- 2nd Polish Armoured Regiment Patch
- Active: 29 January 1940 – 25 June 1940 13 November 1942 – May 1945
- Country: Poland
- Role: Armoured warfare
- Engagements: World War II Battle of France; Normandy Campaign;

= 2nd Armoured Regiment (Poland) =

1940–1945 combat formation of the Polish Army

Poland raised the 2nd Polish Armoured Regiment in France on 29 January 1940 as the 2nd Tank Battalion and fought under this title in the French campaign of 1940. Members of the regiment reformed in Scotland on 13 November 1942 after the fall of France adopting the designation of 2nd Armoured Regiment.
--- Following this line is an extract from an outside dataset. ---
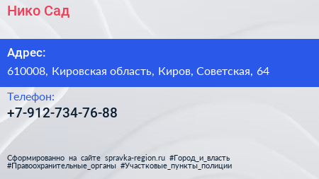Нико Сад по адресу 610008, Кировская область, Киров, Советская, 64 в дальнейшем Организация, размещена в следующих категориях:
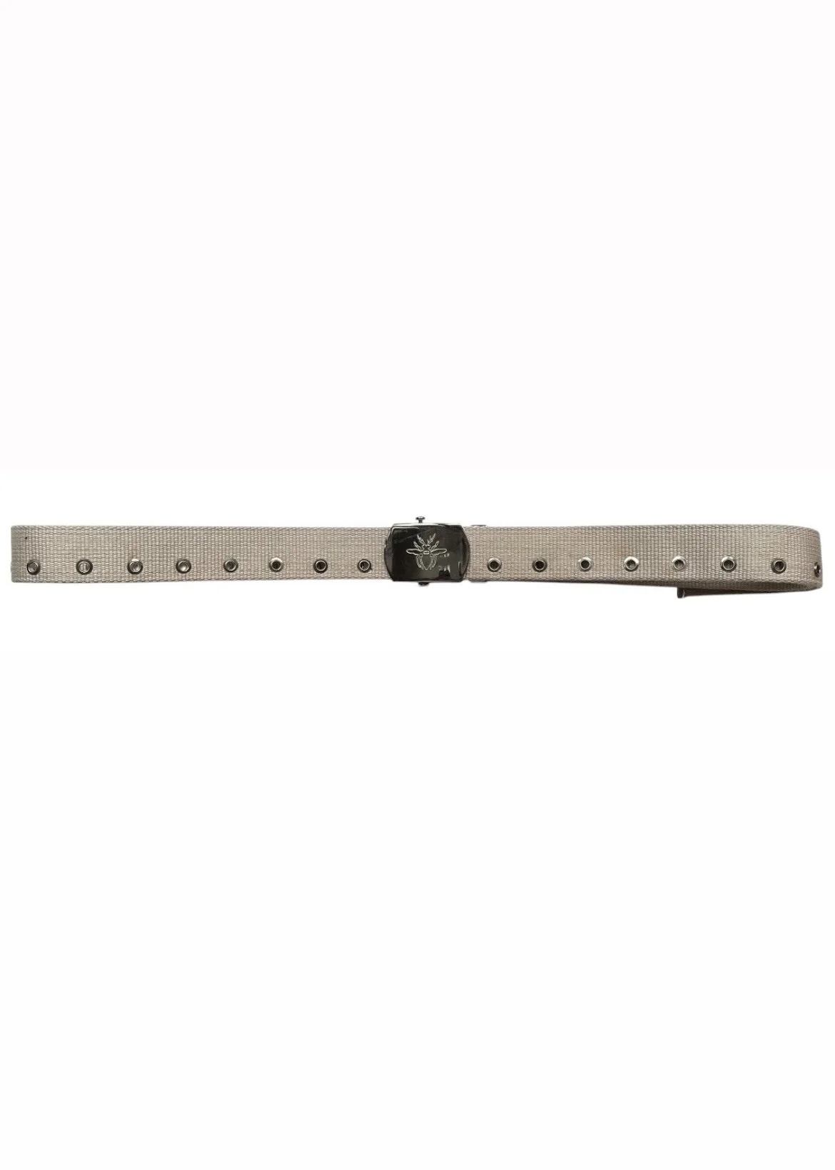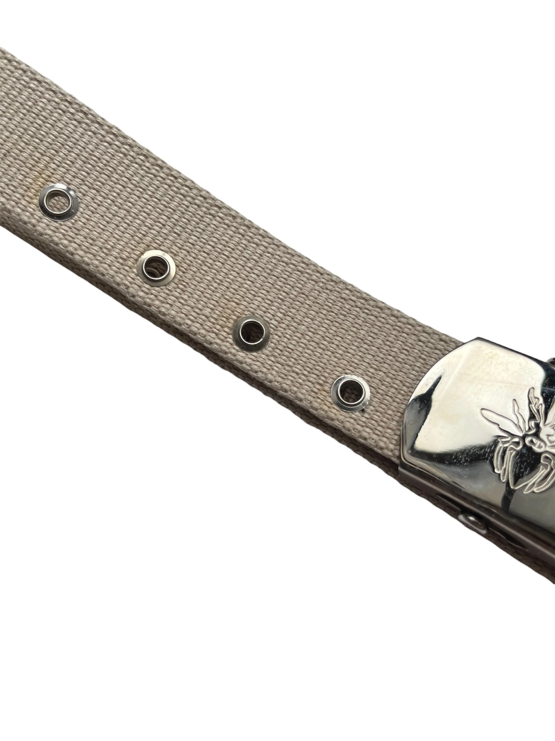 Beige canvas belt with metallic eyelets and a bee-engraved buckle with leather details.

The reconstituted unit returned to France in late July 1944 as a part of the 10th Armoured Cavalry Brigade, 1st (Polish) Armoured Division. . Its most memorable action in Normandy being it first, one fought at Saint-Aignan on 8 August 1944; a battle which is still commemorated annually by the regiment.

Following the Normandy campaign the unit saw action in Belgium, the Netherlands and Germany. The cease-fire in May 1945 found them in northwestern Germany.

Today the traditions of the regiment are continued by the modern 10th (Polish) Armoured Brigade stationed in Świętoszów, Poland.